Wendi Weiner likes to start her day with a workout. After waking up at 6:30 a.m., she has a quick breakfast with coffee and changes into a tank top and capris from Old Navy before taking a 45-minute cycling class. Weiner, a 40-year-old writer and attorney who lives in Florida, had a particularly memorable ride on a Friday morning this past January. The instructor blared Weiner’s favorite songs and offered strong motivational cues to the entire class. Weiner watched the calorie count on her stationary bike skyrocket and found her name rising on the leaderboard that tracks participants’ performances. As she stepped off the bike drenched in sweat, the “incredible” sense of pride she felt set the tone for the rest of her day.
That arc of accomplishment is precisely why many people pay hefty fees at boutique studios instead of exercising at traditional gyms. But Weiner wasn’t at SoulCycle or Flywheel, two popular indoor-cycling studios with locations around the country. She was at home, in her dining room, cranking away on Peloton’s high-end, high-tech stationary bike equipped with a massive 22-in. touchscreen positioned between the handlebars. The device streams live and on-demand classes to hundreds of thousands of cyclists at home. After some debate, she purchased the bike last Thanksgiving weekend mostly for convenience’s sake. “It’s not the standard piece of gym equipment that [becomes] a clothes hanger and collects dust,” Weiner says. “You feel like you’re actually in the studio.”
Becoming a “member,” as Peloton’s CEO John Foley refers to customers, isn’t cheap. Bikes cost $1,995, and if you want to ride along to classes, you have to pay a $39 monthly fee. But that hasn’t stopped the company, which was founded in 2012, from building a fervent following that includes ordinary folks like Weiner as well as celebrities like Leslie Jones and Kate Hudson. In fact, Peloton has been so successful that it’s joined the unicorn club–a moniker given to startups valued at $1 billion or higher–and in the fall, it will release a $3,995 treadmill with an even larger touchscreen called the Tread.
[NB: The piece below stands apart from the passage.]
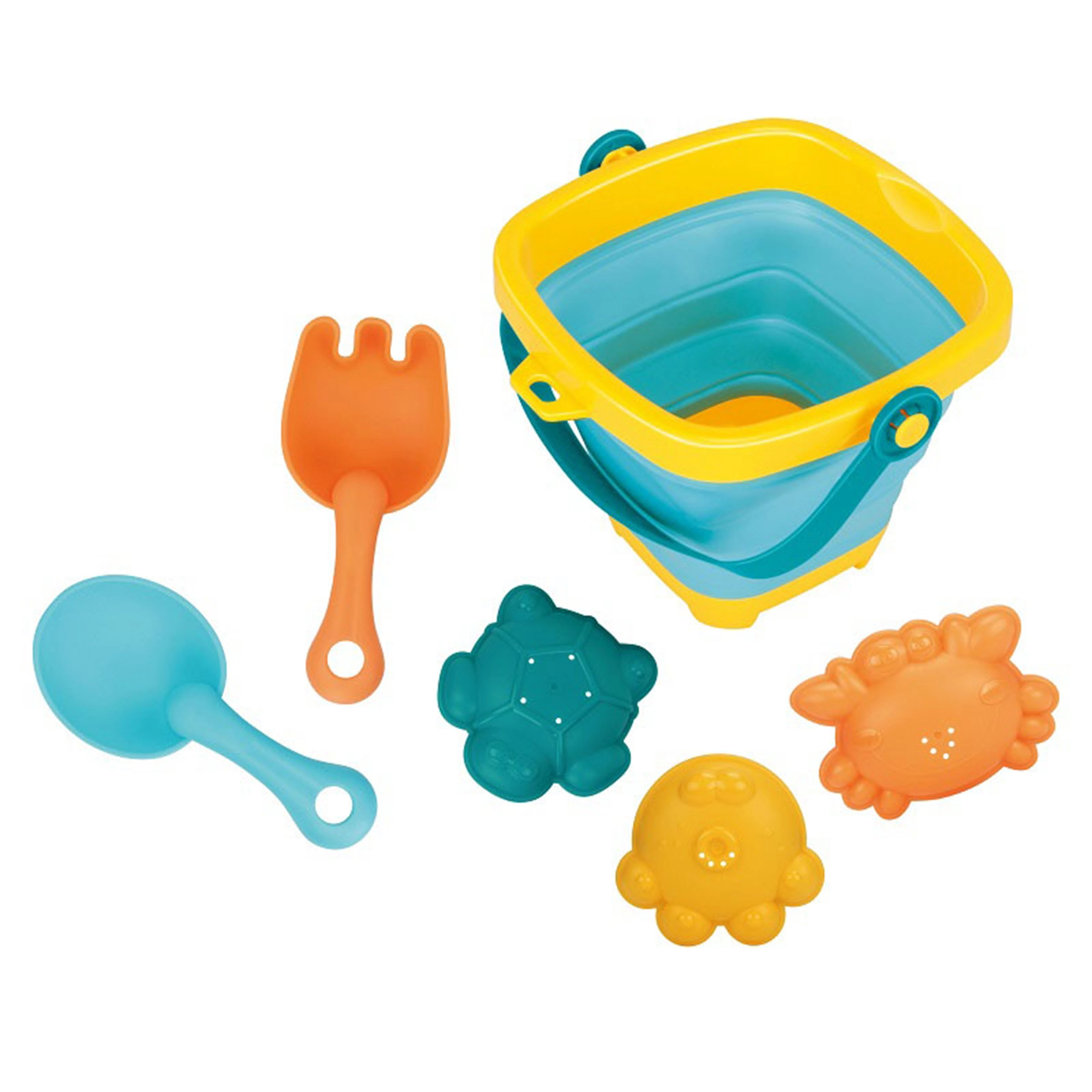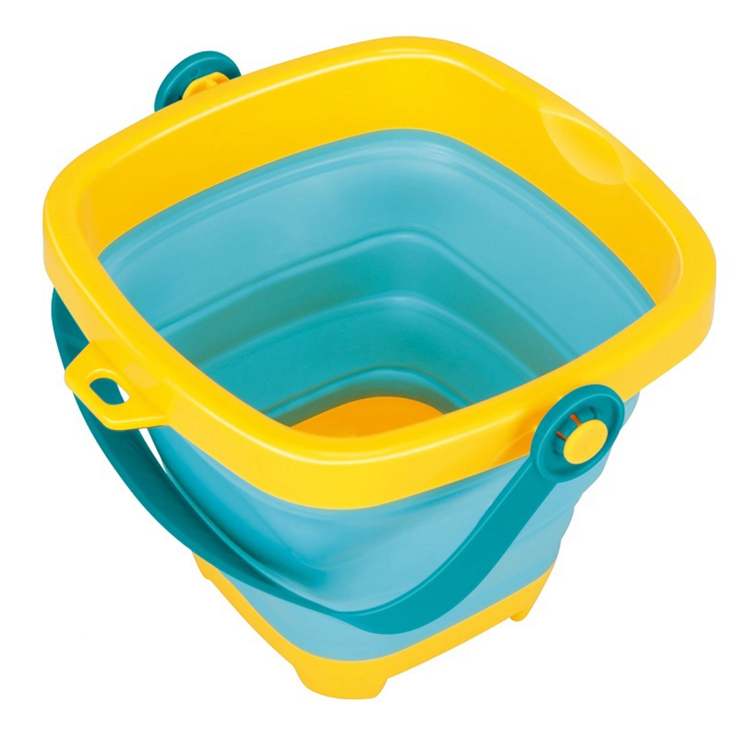 Praktičan set za pijesak i plažu za djecu od 12 mjeseci: sklopiva silikonska kanta s plastičnim rubom i ručkom, lopatica, grabljice i tri kalupa. Zahvaljujući harmonika-sklapanju kanta štedi prostor, lako se nosi i idealna je za ruksak, dječja kolica ili plažnu torbu. Izdržljivi i elastični dijelovi izvrsni su za pješčanik, plažu i vrt.

Peloton is just one–albeit very popular–example of the latest revamp of the home gym, so crowded with the evidence of previous trends and the best intentions: old-school stationary bikes, treadmills and heavy bags. The bet this time is that the famously permeable interface between technology and human will goad fitness enthusiasts to forgo studios for workouts they can follow online. Fitness companies and exercise gurus have launched a wide range of at-home options, and most don’t require large up-front costs. A business called FORTË films classes and streams them to smartphones, laptops and TVs for $39 per month or $288 per year. Training apps such as Booya Fitness and Beachbody have cultlike followings, and studios across the country from Nicole Winhoffer’s NW Method in New York and Los Angeles to Mary Helen Bowers’ New York–based Ballet Beautiful offer streaming and on-demand classes too. Even large apparel companies like Nike and gym chains like Gold’s Gym have launched workout routines that play in the palm of your hand.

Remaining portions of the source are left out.